Prolonged enough, the constant stress of working with a child who has trauma-driven behaviors can be debilitating for the parent or caregiver. Some signs you’re experiencing caregiver trauma may include:
- Anxiety
- Irritability
- Chronic exhaustion
- Headaches, stomach aches, or other physical ailments
- Difficulty sleeping
- Panic attacks
- Decreased empathy
- Emotional detachment specifically toward the child in your care, even when you still feel empathy for others in your life
- Negativity
- Impaired decision-making or lack of trust in one’s own judgment
- Loss of pleasure in things you enjoy
- Feeling overwhelmed or defeated
Some parents find they need to shut down to make it through the day because they “just can’t anymore.” This experience even has a name: blocked care.

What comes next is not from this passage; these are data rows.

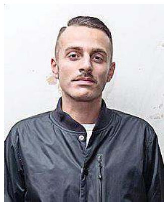
L'artista Ghemon all'Estatoff

RITORNA IL RAPPER GHEMON SUL PALCO DELL'ESTATOFF ■ Stasera, dalle 21, sul palco dell'Estatoff di via Morandi, a Modena, torna Ghemon, uno dei
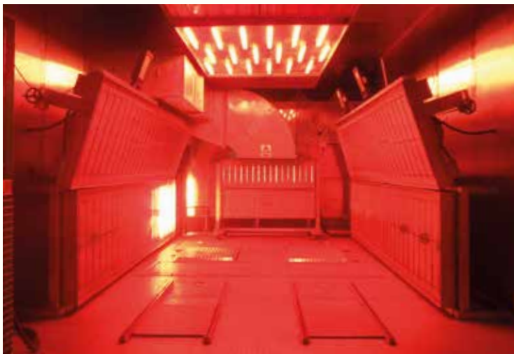
La chambre d'essai climatique dans l'usine Honda de Swindon.

La sensation de confort ne se limite pas au design intérieur, le sentiment de sécurité y joue aussi un grand rôle. En plus de ses performances haut de gamme, la Civic embarque également des équipements de sécurité à la pointe de la technologie.
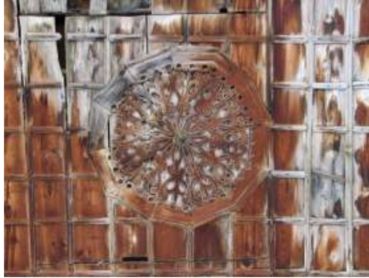
Fotograf.10- Akarca Köyü Cami. Son cemaat yeri Tavanı.
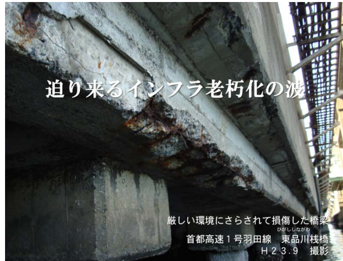
老朽化パネルより

厳しい環境にさらされて損傷した橋梁 ひがししながわ 首都高速1号羽田線 東品川栈橋 H23.9 撮影
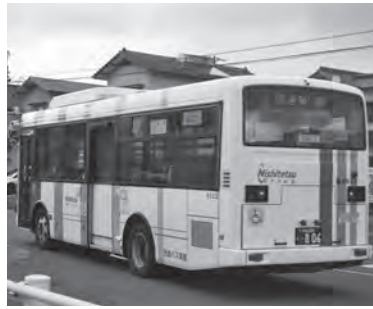
遠賀川駅と直方駅を結ぶ西鉄バス

A 直方〜鞍手〜遠賀線は重要な路線であり、西鉄バス、鞍手町、直方市、本町の4者で議論している。今後も協議しながら、補填を継続していきたい。
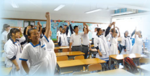
學生積極參與互動環節

2015年9月14日，本組與健康教育組合作，於中一級「多元學習堂」進行性教育工作坊，以班本形式進行，目的是讓中一同學認識兩性相處之道。期間同學反應熱烈，積極投入討論。
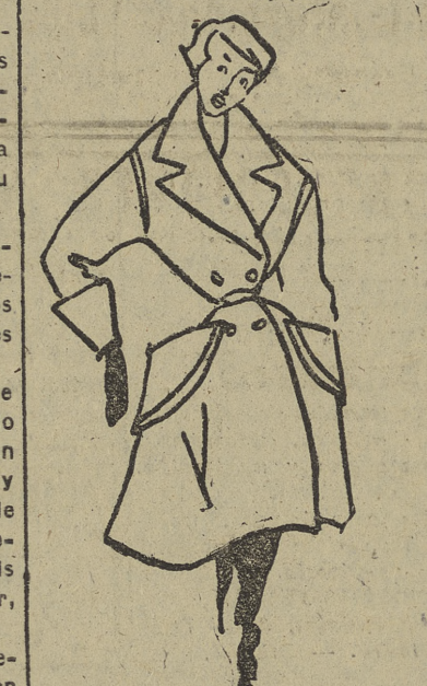
Chaquetón en gamuza roja, cruzado y con cuatro botones. Amplios bolsillos de doble cartera y puños bolillos de galón negro, así como también negros los botones.
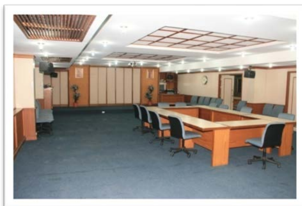
ห้องประชุม/สัมมนา
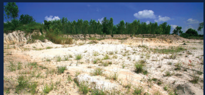
His Majesty the late King Bhumibol Adulyadej established the Pikun Thong Royal Development Center in Narathiwat to conduct innovative research into the process of soil acidification and to develop a way to improve the soil so that it would once again support crop production.
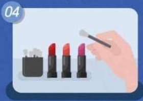
04 테스트는 손이 아닌 꼭! 도구 활용하기
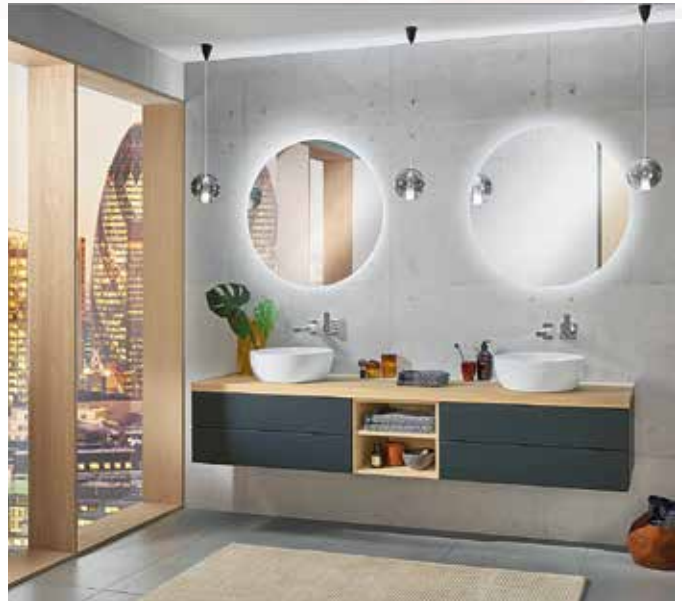
Per Facelift zum Traumbad: Sanipa hat seine modulare Badmöbelserie 2morrow um neue Farben, Oberflächen, Produkte und viele clevere Details ergänzt.

Mehr gibt es unter www.sanipa.de sowie www.homeplaza.de .
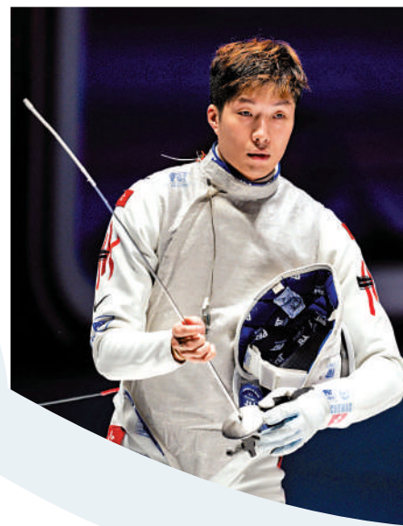
▲張家朗在巴黎奧運肩負衛冕重任。
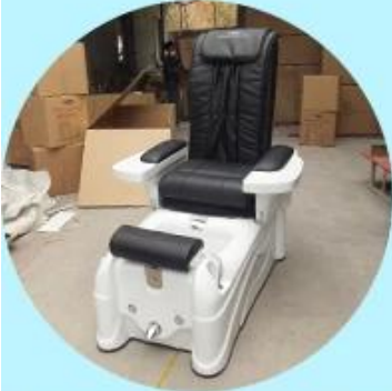
Step1: Test product before packing.
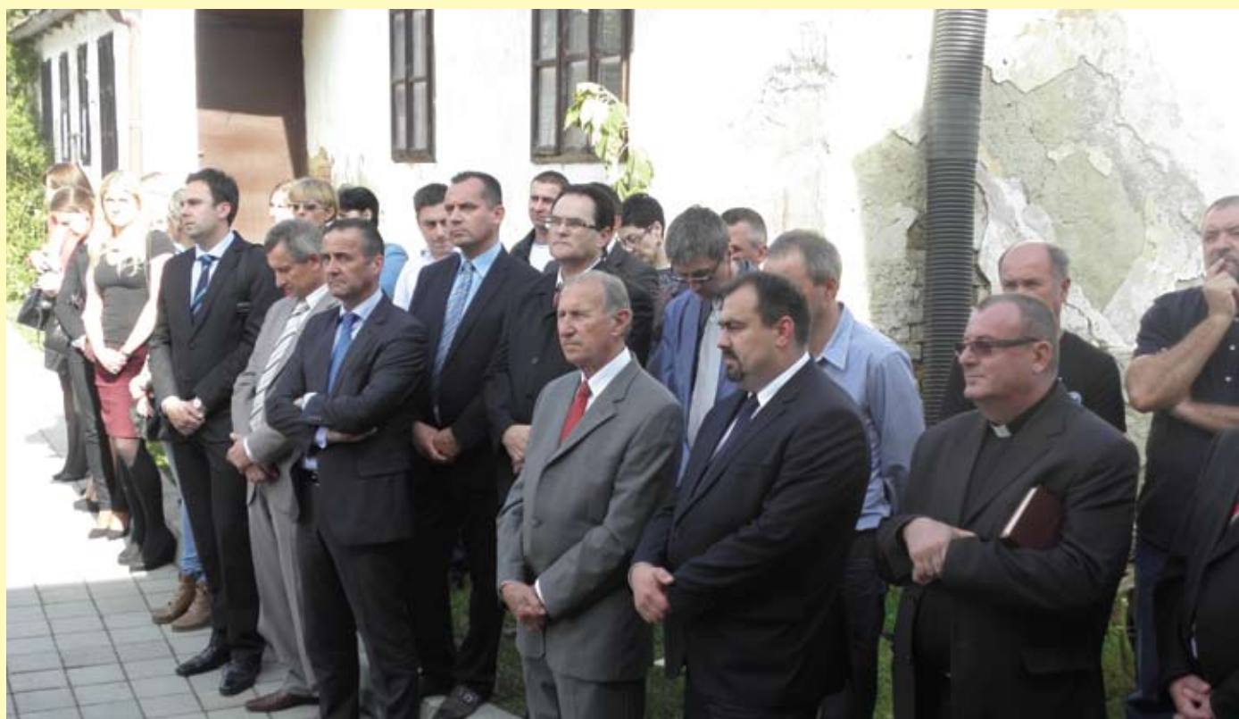
Uzvanici ispred Zavičajne zbirke

Sve u svemu, od Dana općine do Dana općine Radoboj značajno napreduje.
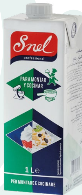
NATA LIQUIDA MONTAR Y COCINAR. SNEL – 12X1L.
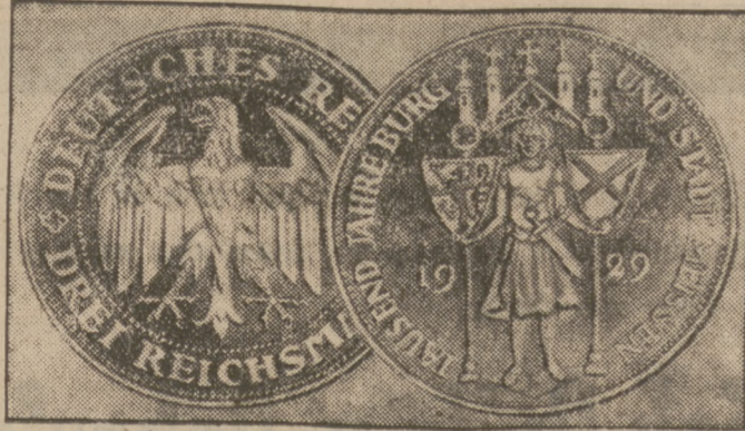
Jubiläumstaler der Stadt Meißen,

Essen, 21. Juni. (R.) König Ruad begab sich gestern Abend im Sonderzug nach Halle.
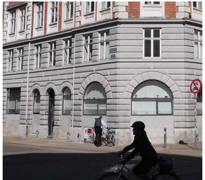
Døre istandsættes og males
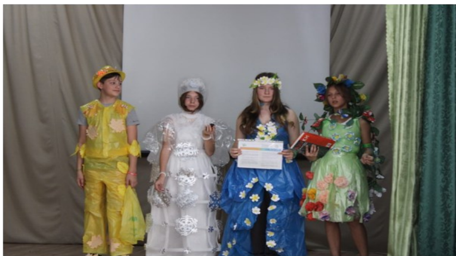
Члены команды «НЭО»
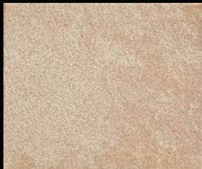
Toner № 518 - 2cc
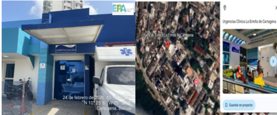
Imagen 1 y 2. Vista satelital y localización clínica ermita urgencia

CLINICA LA ERMITA DE CARTAGENA S.A.S (sede urgencia), está localizada Calle 29 C# 19 – 07 Pie de la Popa, con coordenadas geográficas N10°25'9, w" 75°31'52,"
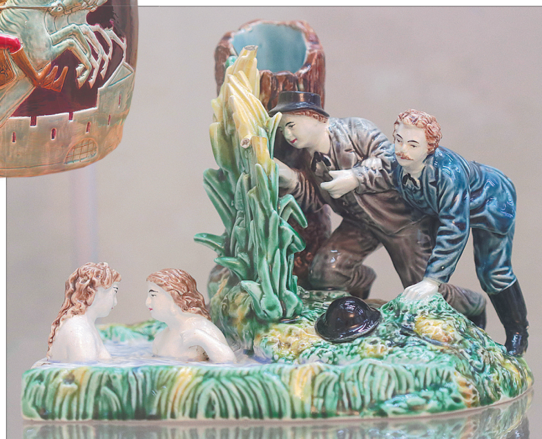
Подставка под карандаши «Парни, подглядывающие за купальщицами». Товарищество М.С. Кузнецова, конец XIX – нач. XX вв., фаянс.
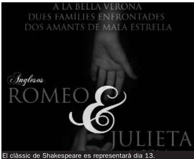
El clàssic de Shakespeare es representarà dia 13.
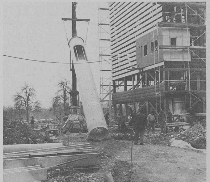
Pose en moins d'une heure: cheminée de fuite en Eternit.

L'installation de détection montée sur les plates-formes correspond à l'heure actuelle au haut de gamme de Siemens en système radial (SRS). Chaque centrale de ce système modulaire comprend 450 lignes de détection desservant chacune jusqu'à 20 détecteurs, mais pour des raisons de sécurité, le nombre de détecteurs par ligne est, en zone off-shore, bien inférieur. Sont utilisés des détecteurs d'incendie réagissant à la fumée, à la lumière et à la chaleur ou également des détecteurs de gaz sensibles aux émanations de gaz toxiques et inflammables, tel l'hydrogène sulfuré (H 2 S) qui se dégage lors de l'exploration de gisements de pétrole et de gaz. Les équipements de sécurité déclenchent également des générateurs de signaux sonores et lumineux et commandent des sprinklers, etc. Ils activent de même un système de coupure automatique («emergency shutdown»), qui arrête, en cas d'incendie ou d'émission de gaz, certaines machines embarquées sur la plate-forme ou coupe l'alimentation générale de la plate-forme de forage.

It is a neurological response in which the brain’s caregiving system essentially shuts down to protect itself from prolonged stress, repeated rejection, or relentless dysregulation. Blocked care is different from a bad day – it is a state in which the emotional connection to the child becomes genuinely difficult to access, even when the love is still there. Importantly, blocked care does not mean you have failed as a parent. It means you have been carrying too much for too long without enough support.
Without intervention, this constant stress – including blocked care – can result in a compromised ability to care for much more than just the child’s basic daily needs. Parents then become ineffective in helping the child heal and develop healthy coping skills to replace the trauma behaviors.
Strategies for Resilience
We know that a child’s healing doesn’t happen overnight. So, how can parents and caregivers minimize the possibility of being traumatized while caring for a child with a trauma history?
- Seek out the help of a professional. Find a trauma-informed therapist or counselor.
- Find a safe, non-judgmental place to talk about what you’re experiencing. Even confidential online groups can be enormously helpful.
- Build a strong support system of peers with shared experience who understand, such as fellow guardians, foster, kinship, or adoptive parents.
- Focus daily on the child’s strengths and things you love about them. Challenge yourself to find something “going right” each day, even if it’s a baby step. Identifying the child by challenging behaviors becomes too easy, and shifting the focus can help dramatically.
- Make time for self-care! Carve out time to read a book, laugh with a friend, get your nails done, or watch a football game uninterrupted. Do something that recharges your battery.
- Identify a trusted sitter or two who can give you short breaks regularly.
- Develop and practice “go-to” interventions to keep you regulated when your child isn’t. And on the days when even those feel out of reach, give yourself permission to get through – surviving a hard day is not failure.
- Find humor in challenging situations. (One mom said that when her daughter was dysregulated, she would call her awful names. Rather than taking it personally, she would calmly challenge her daughter to develop more creative ones, sometimes even offering ridiculous suggestions.)
Asking for Help
Perhaps the most crucial strategy for coping with trauma is to be open and willing to reach out for help and support. Trauma is hard—really hard. No one can deal with or heal from trauma in a vacuum. The good news is that you’re not alone.
Download the PDF for a list of support and resources.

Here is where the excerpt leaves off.